▶ _The data_
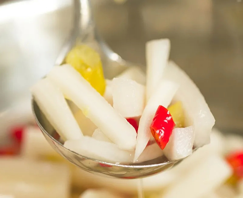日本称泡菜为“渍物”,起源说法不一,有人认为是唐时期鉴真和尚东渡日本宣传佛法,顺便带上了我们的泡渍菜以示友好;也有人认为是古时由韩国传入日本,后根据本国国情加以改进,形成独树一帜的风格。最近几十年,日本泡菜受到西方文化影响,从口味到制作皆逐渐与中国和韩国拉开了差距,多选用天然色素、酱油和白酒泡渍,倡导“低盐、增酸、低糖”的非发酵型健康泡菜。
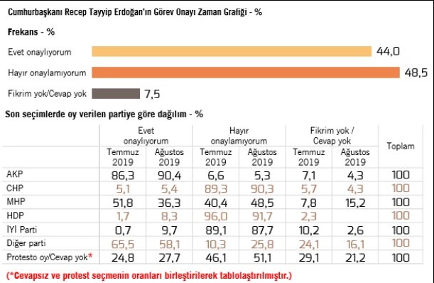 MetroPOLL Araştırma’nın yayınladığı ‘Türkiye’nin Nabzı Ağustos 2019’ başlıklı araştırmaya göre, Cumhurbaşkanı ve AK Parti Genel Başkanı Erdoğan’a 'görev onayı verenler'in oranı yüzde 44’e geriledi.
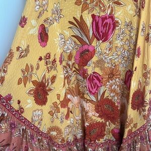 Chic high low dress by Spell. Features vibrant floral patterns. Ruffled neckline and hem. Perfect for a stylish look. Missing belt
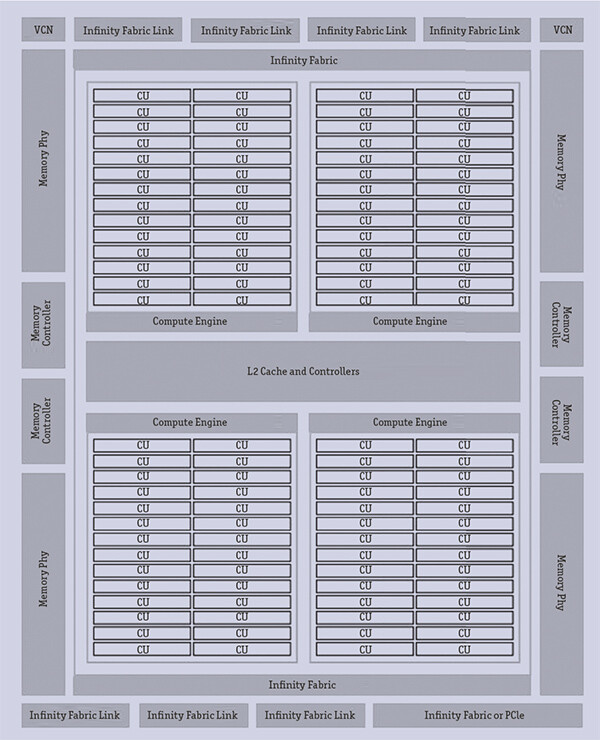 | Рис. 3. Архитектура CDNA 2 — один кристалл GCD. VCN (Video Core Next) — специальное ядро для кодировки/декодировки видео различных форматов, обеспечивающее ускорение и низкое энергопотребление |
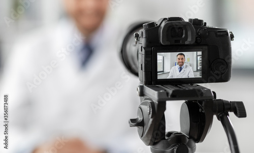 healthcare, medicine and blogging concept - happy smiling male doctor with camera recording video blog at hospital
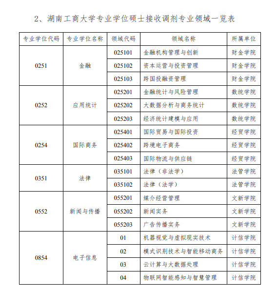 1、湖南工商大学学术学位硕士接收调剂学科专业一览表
==
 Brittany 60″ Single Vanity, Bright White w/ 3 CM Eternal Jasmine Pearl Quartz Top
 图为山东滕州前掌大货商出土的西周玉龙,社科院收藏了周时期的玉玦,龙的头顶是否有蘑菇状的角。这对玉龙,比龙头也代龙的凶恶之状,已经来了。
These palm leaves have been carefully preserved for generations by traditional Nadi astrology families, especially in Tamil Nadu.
--
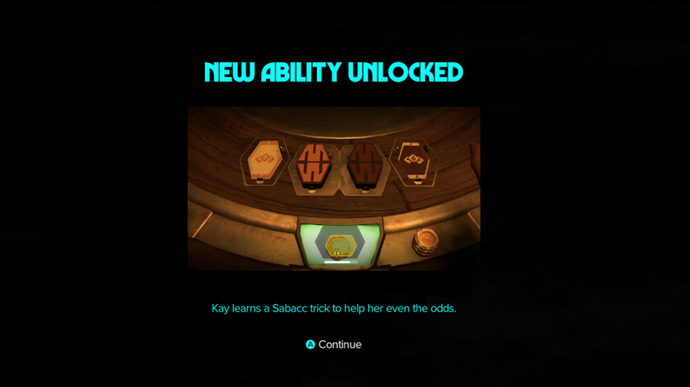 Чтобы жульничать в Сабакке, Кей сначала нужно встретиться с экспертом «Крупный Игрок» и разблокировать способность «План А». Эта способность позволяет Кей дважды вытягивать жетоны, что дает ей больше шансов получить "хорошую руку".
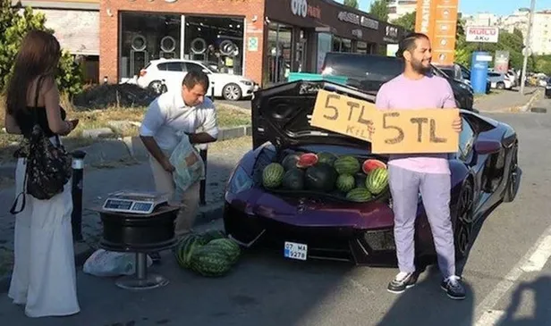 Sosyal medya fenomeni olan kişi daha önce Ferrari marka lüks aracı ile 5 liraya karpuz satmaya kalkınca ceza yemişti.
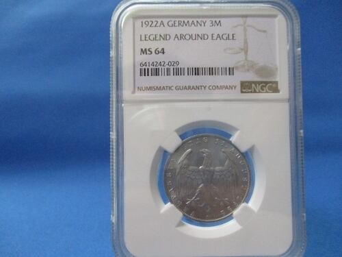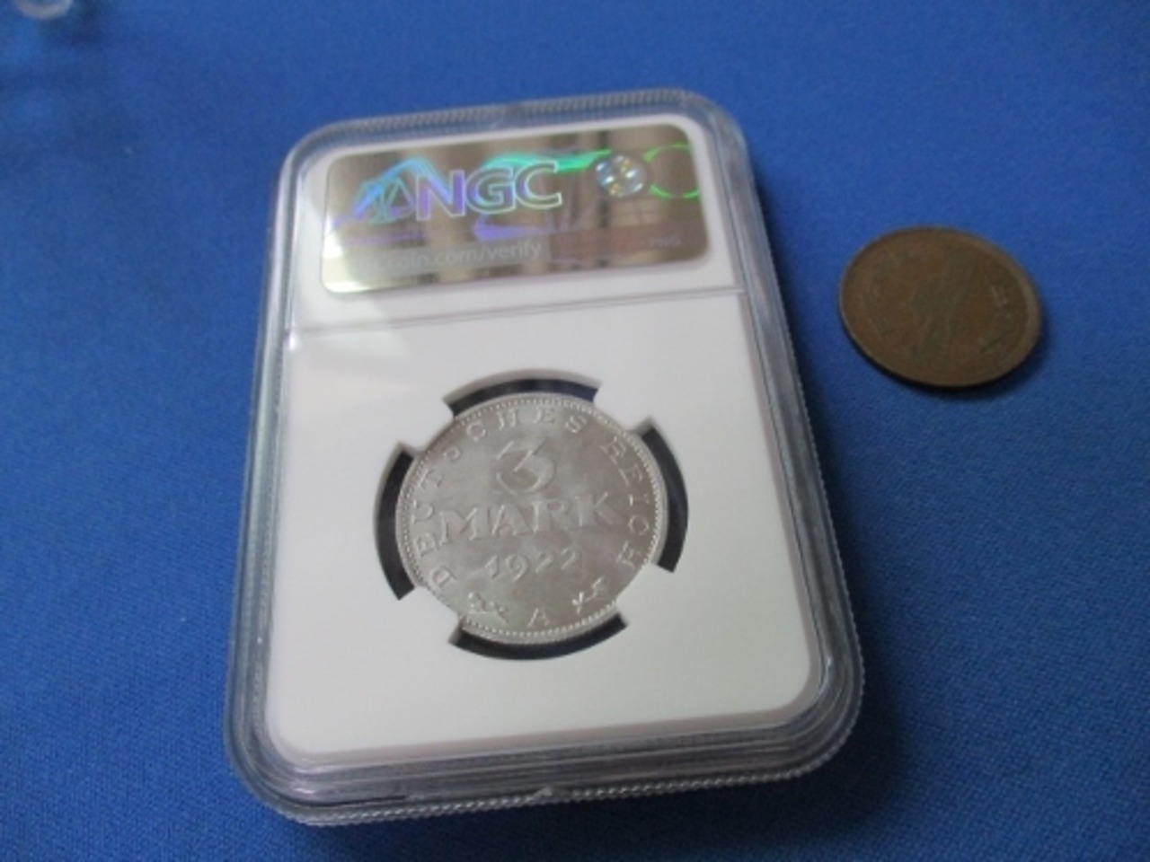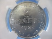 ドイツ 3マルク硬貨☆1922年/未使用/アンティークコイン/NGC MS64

▶ _Your goal_
Return exactly the stretch above whose first line contains "healthcare, medicine and" and whose last line contains "1、湖南工商大学学术学位硕士接收调剂学科专业一览表", and nothing outside it. The pictures should not appear.

▶ _Written response_
 healthcare, medicine and blogging concept - happy smiling male doctor with camera recording video blog at hospital
 1、湖南工商大学学术学位硕士接收调剂学科专业一览表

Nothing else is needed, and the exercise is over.